"""

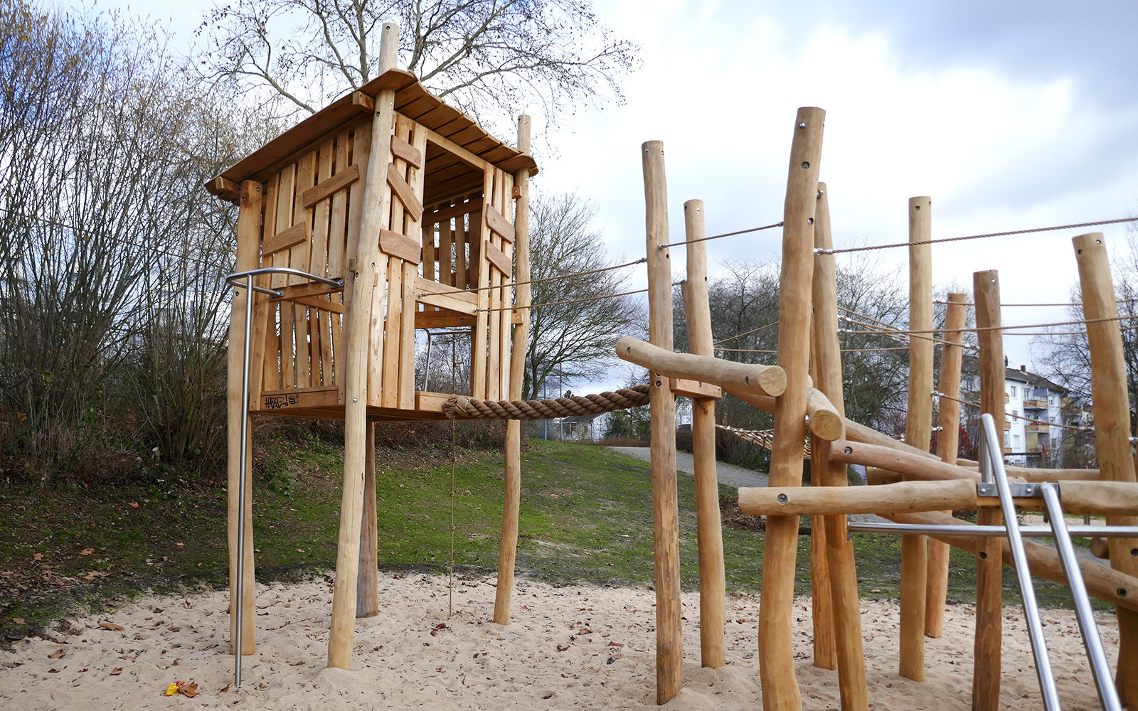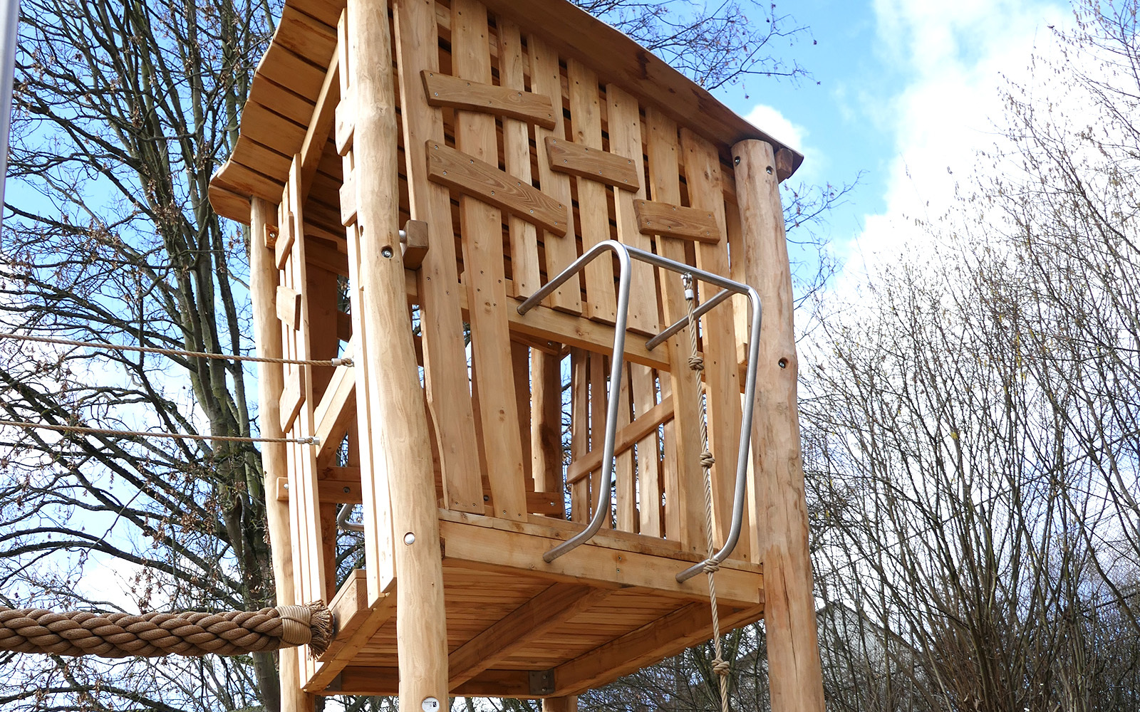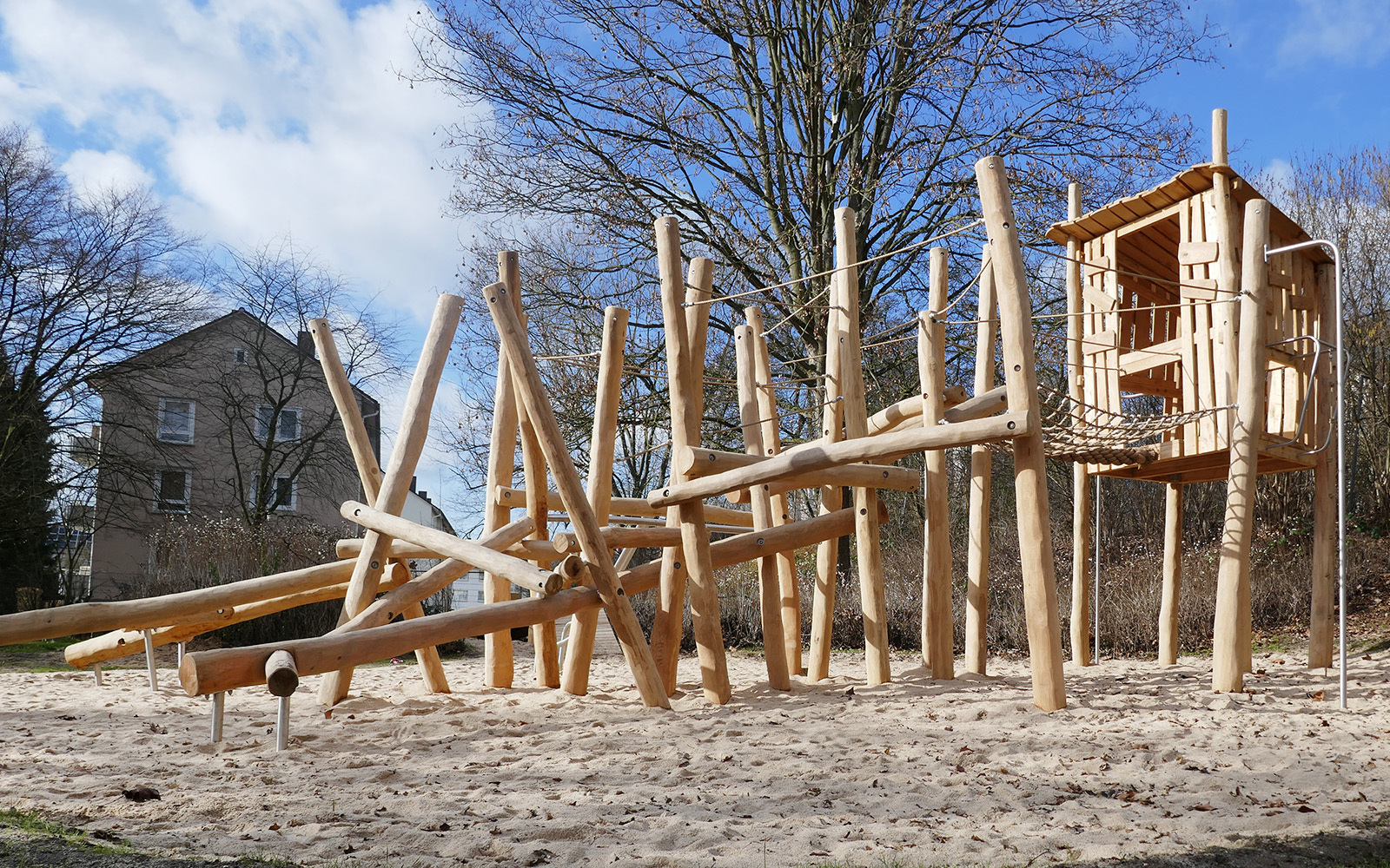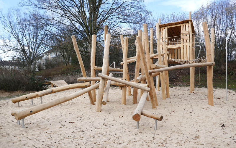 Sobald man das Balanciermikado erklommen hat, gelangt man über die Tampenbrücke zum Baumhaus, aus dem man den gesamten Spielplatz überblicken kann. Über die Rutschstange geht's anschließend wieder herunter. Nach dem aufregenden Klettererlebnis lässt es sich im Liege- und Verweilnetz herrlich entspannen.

"""
"""

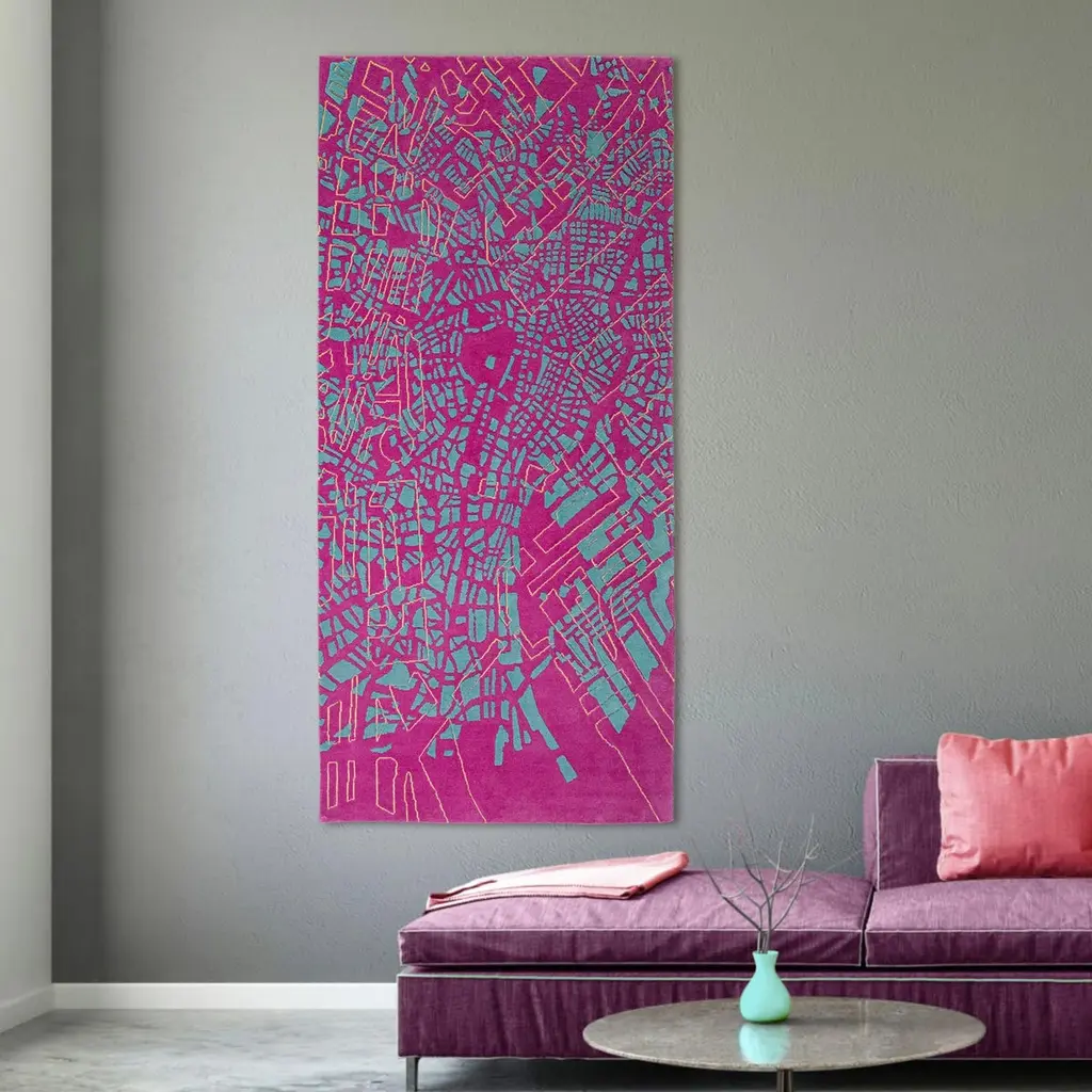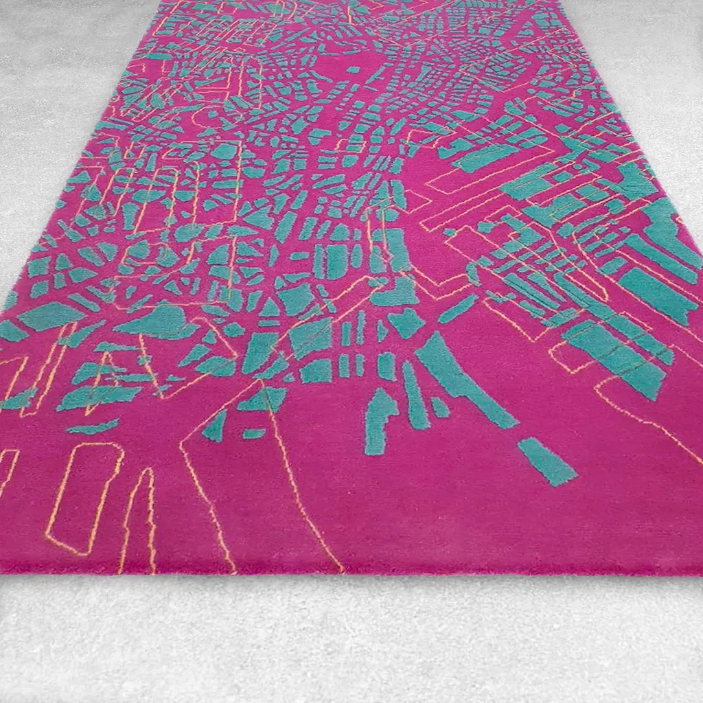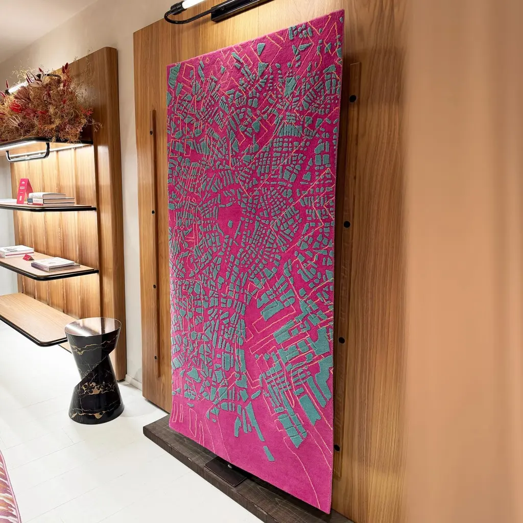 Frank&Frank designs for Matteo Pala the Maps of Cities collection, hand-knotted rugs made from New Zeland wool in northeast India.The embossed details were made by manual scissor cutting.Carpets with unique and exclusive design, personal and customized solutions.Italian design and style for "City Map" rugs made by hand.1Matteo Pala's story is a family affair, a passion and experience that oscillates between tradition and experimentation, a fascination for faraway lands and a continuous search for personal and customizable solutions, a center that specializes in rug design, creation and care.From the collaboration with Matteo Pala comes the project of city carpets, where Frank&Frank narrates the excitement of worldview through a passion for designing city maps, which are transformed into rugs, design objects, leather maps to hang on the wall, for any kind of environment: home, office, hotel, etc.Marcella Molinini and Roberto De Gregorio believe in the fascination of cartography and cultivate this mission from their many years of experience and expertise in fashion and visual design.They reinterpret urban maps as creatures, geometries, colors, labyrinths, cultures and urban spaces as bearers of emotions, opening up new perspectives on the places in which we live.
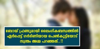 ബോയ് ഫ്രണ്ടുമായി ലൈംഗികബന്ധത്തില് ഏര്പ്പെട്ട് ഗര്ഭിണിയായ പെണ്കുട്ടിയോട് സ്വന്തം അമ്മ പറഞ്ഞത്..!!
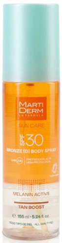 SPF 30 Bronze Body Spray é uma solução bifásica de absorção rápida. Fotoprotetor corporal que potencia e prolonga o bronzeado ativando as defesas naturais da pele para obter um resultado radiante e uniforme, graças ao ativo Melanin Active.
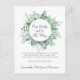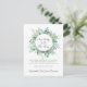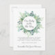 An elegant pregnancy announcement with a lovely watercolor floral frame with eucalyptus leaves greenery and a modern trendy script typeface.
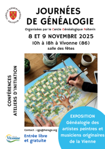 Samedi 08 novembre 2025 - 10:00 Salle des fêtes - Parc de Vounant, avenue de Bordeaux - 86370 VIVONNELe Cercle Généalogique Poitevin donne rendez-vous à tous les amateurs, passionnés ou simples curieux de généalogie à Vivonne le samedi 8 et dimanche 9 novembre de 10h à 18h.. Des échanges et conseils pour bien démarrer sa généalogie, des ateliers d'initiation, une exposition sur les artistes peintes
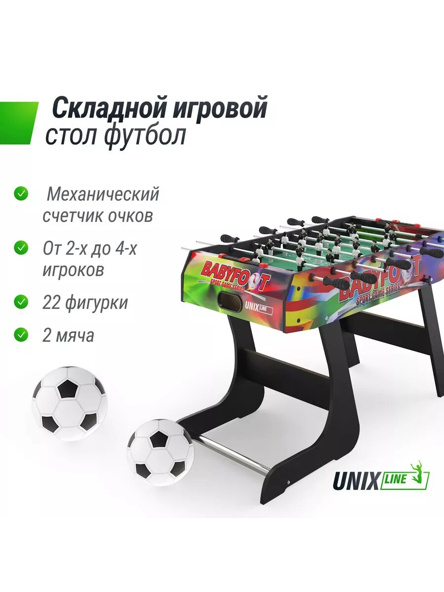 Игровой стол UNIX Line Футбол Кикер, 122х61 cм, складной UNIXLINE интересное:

"""
"""

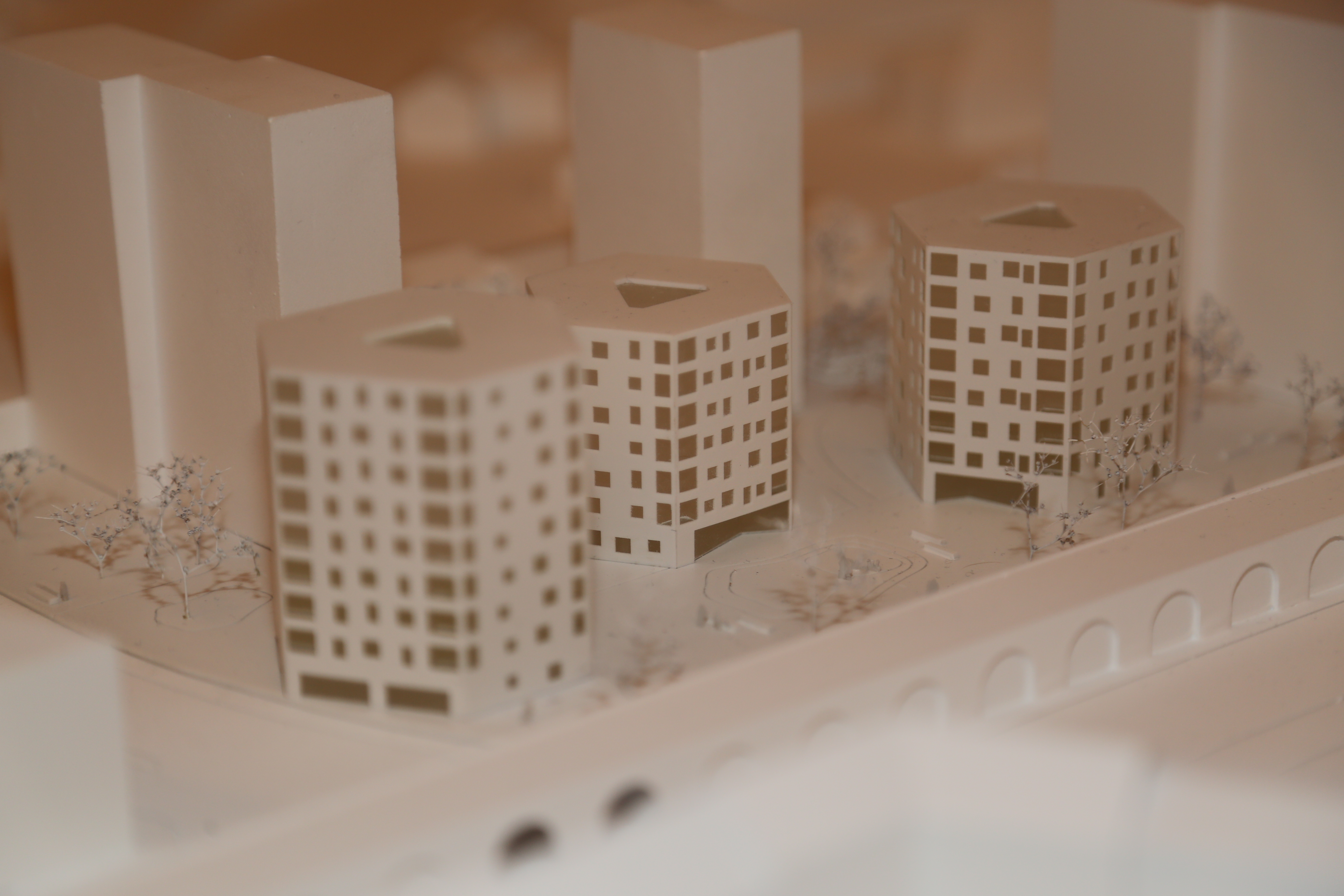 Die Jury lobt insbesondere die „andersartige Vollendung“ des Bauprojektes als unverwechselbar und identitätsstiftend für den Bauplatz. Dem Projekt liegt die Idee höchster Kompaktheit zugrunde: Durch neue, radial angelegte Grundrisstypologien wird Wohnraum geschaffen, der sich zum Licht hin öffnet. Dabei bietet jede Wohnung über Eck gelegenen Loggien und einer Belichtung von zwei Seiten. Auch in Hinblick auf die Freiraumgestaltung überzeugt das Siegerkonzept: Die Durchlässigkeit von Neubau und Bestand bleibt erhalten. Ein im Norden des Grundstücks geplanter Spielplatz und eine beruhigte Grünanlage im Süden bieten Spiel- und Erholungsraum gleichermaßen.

"""

WHAT YOU SHOULD DO: With the pictures removed, print only the lines starting at the line that has "SPF 30 Bronze" and ending at the line that has "Игровой стол UNIX", both ends included, exactly as they stand above.

OUTPUT:
 SPF 30 Bronze Body Spray é uma solução bifásica de absorção rápida. Fotoprotetor corporal que potencia e prolonga o bronzeado ativando as defesas naturais da pele para obter um resultado radiante e uniforme, graças ao ativo Melanin Active.
 An elegant pregnancy announcement with a lovely watercolor floral frame with eucalyptus leaves greenery and a modern trendy script typeface.
 Samedi 08 novembre 2025 - 10:00 Salle des fêtes - Parc de Vounant, avenue de Bordeaux - 86370 VIVONNELe Cercle Généalogique Poitevin donne rendez-vous à tous les amateurs, passionnés ou simples curieux de généalogie à Vivonne le samedi 8 et dimanche 9 novembre de 10h à 18h.. Des échanges et conseils pour bien démarrer sa généalogie, des ateliers d'initiation, une exposition sur les artistes peintes
 Игровой стол UNIX Line Футбол Кикер, 122х61 cм, складной UNIXLINE интересное:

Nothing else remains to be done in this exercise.